» **Records for the task**
+--

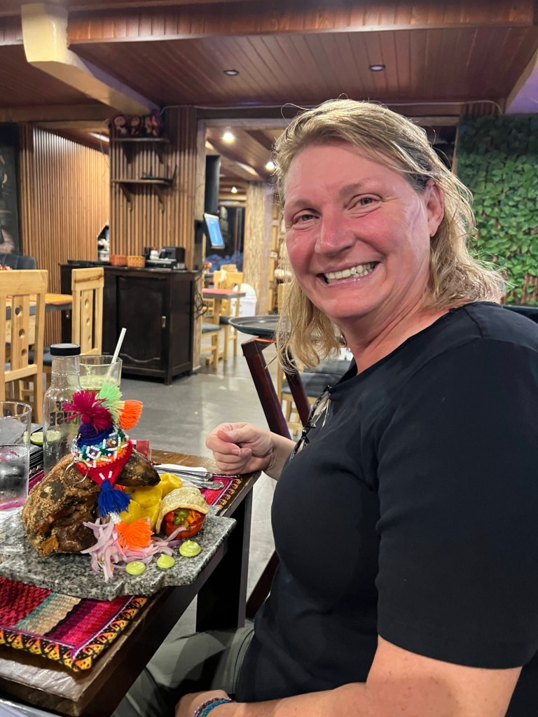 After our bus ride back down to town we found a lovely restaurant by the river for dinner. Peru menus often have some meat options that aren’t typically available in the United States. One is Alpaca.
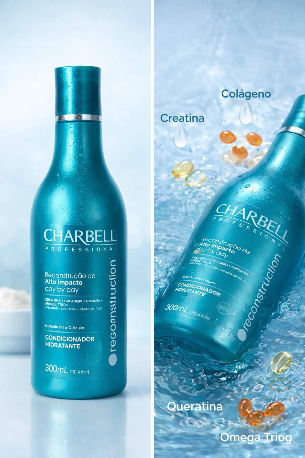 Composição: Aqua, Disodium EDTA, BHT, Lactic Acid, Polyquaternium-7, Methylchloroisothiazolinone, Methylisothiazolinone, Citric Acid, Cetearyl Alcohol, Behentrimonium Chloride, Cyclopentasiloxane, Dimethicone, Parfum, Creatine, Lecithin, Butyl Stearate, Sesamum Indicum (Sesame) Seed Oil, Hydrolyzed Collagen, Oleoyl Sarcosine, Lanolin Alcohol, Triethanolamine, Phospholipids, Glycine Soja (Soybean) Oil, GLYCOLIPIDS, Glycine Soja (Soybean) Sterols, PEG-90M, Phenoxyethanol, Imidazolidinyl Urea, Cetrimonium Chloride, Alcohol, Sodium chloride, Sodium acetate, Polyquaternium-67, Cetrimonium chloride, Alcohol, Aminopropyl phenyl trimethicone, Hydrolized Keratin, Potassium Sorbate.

+--

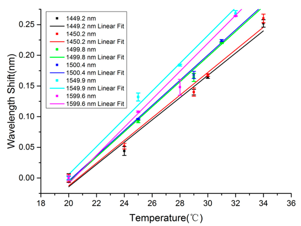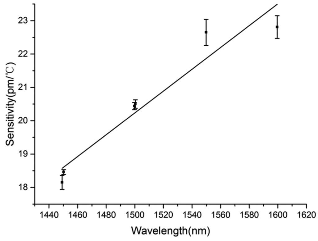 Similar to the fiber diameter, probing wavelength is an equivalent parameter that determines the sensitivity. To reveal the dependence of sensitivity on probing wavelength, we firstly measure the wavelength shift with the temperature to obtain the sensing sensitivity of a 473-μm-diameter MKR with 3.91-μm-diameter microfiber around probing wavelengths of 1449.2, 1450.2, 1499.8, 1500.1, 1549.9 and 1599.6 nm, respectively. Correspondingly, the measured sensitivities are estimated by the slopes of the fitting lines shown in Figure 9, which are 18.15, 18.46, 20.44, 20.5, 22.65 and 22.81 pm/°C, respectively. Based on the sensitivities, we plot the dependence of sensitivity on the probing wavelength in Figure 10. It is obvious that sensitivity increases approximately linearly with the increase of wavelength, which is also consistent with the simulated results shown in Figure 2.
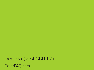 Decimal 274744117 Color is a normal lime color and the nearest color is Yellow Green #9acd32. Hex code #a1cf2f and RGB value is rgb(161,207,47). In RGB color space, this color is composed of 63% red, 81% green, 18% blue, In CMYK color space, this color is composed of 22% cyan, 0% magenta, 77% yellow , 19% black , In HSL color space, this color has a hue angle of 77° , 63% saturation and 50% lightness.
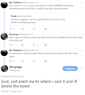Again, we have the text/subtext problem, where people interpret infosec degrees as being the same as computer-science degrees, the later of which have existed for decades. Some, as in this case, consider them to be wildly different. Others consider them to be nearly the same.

+--

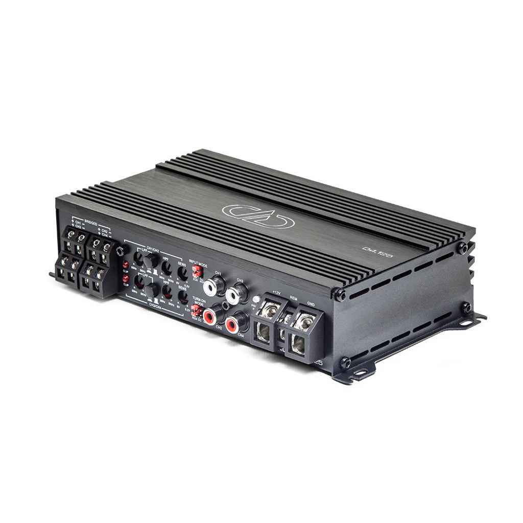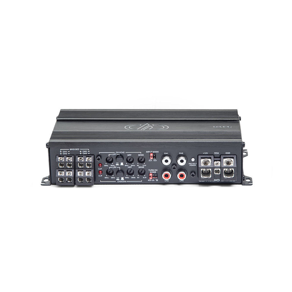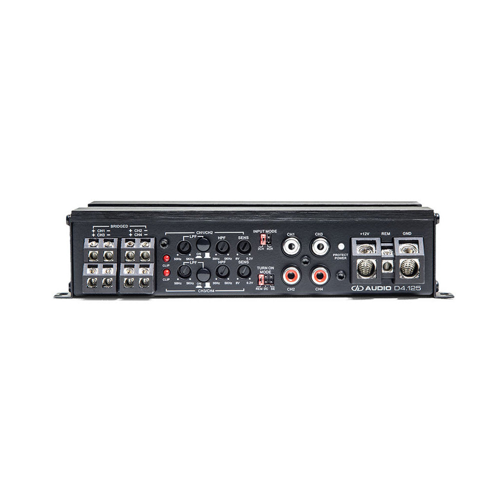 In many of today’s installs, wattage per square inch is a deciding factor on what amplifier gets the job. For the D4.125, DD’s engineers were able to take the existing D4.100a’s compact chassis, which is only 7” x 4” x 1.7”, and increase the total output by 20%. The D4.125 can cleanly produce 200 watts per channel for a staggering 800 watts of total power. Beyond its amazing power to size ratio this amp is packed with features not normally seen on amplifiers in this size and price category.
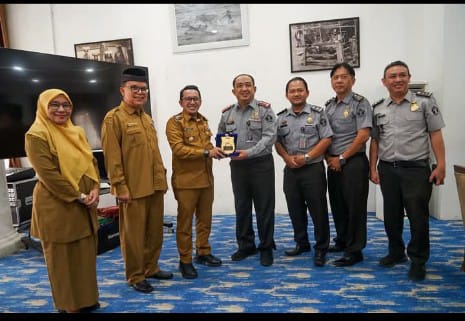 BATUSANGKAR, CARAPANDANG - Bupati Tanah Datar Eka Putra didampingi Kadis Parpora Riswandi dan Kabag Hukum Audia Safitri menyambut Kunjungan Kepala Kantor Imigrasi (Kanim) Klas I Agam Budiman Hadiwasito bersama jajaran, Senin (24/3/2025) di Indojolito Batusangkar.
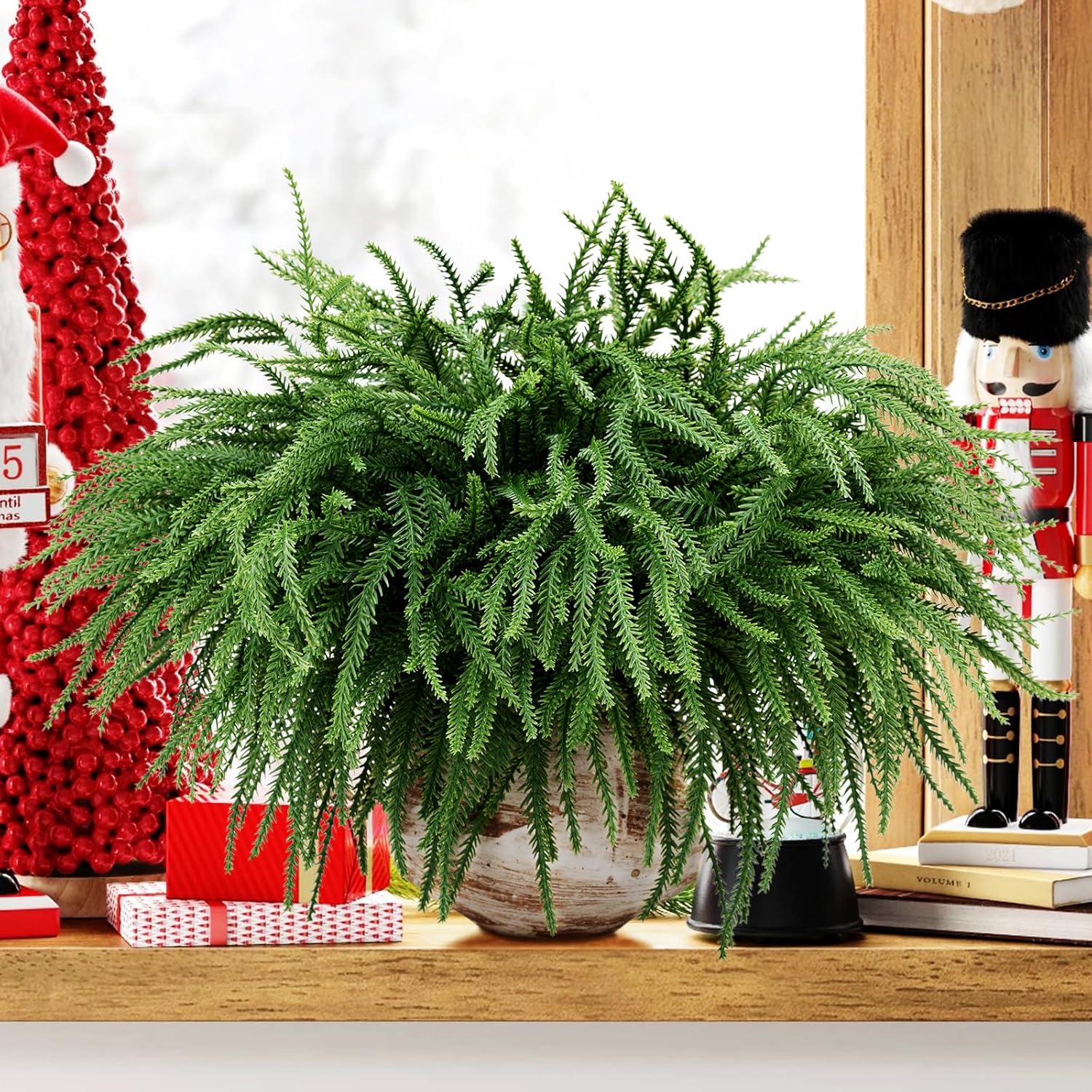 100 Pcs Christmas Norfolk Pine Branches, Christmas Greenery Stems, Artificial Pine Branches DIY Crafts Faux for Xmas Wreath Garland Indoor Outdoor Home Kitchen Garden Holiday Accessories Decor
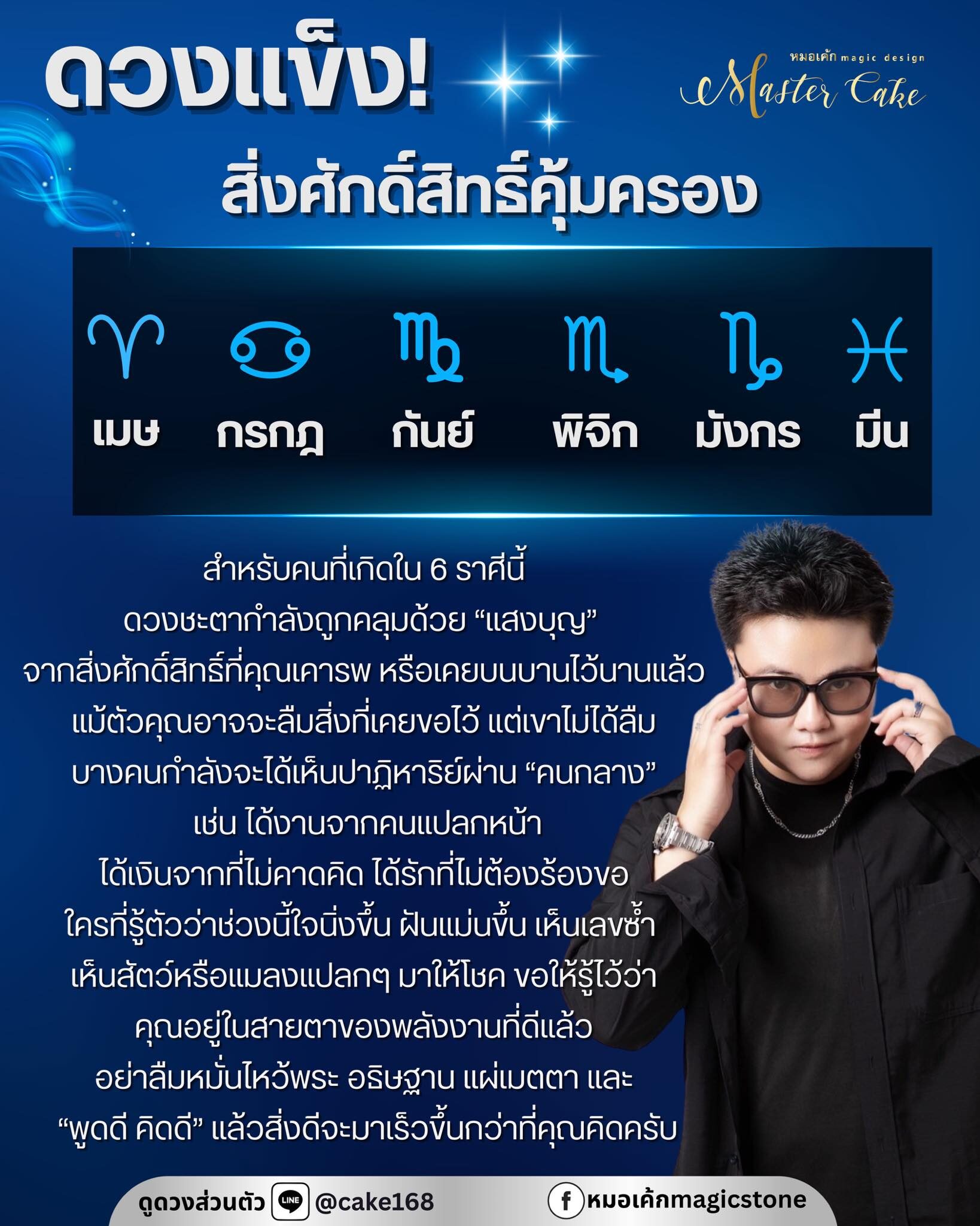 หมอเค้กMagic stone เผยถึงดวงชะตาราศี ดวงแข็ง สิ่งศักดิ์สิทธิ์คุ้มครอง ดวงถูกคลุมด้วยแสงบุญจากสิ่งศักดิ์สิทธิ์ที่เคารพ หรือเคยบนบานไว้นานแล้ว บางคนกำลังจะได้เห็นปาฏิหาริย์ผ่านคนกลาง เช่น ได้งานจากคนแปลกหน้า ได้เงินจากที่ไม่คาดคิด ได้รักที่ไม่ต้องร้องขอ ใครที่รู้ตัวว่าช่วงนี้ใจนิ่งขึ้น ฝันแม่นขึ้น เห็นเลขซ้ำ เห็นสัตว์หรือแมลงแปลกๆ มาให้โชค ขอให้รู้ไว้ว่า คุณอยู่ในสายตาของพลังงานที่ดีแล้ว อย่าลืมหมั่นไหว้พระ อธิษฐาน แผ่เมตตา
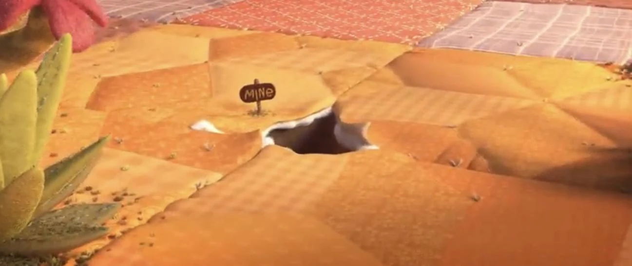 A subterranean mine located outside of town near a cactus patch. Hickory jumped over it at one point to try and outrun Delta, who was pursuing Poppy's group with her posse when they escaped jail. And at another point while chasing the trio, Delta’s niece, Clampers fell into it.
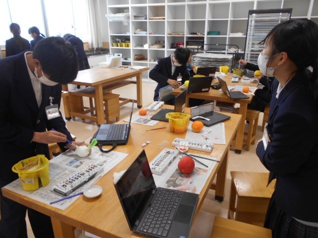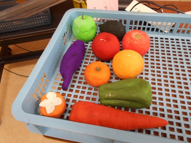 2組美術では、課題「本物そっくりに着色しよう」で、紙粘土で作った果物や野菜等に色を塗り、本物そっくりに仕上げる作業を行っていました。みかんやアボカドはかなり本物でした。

+--

» **What you have to do**
Write out the lines above from the one with "Decimal 274744117 Color" through the one with "Again, we have", ends included, exactly; no picture goes in.

» **Expected answer**
 Decimal 274744117 Color is a normal lime color and the nearest color is Yellow Green #9acd32. Hex code #a1cf2f and RGB value is rgb(161,207,47). In RGB color space, this color is composed of 63% red, 81% green, 18% blue, In CMYK color space, this color is composed of 22% cyan, 0% magenta, 77% yellow , 19% black , In HSL color space, this color has a hue angle of 77° , 63% saturation and 50% lightness.
Again, we have the text/subtext problem, where people interpret infosec degrees as being the same as computer-science degrees, the later of which have existed for decades. Some, as in this case, consider them to be wildly different. Others consider them to be nearly the same.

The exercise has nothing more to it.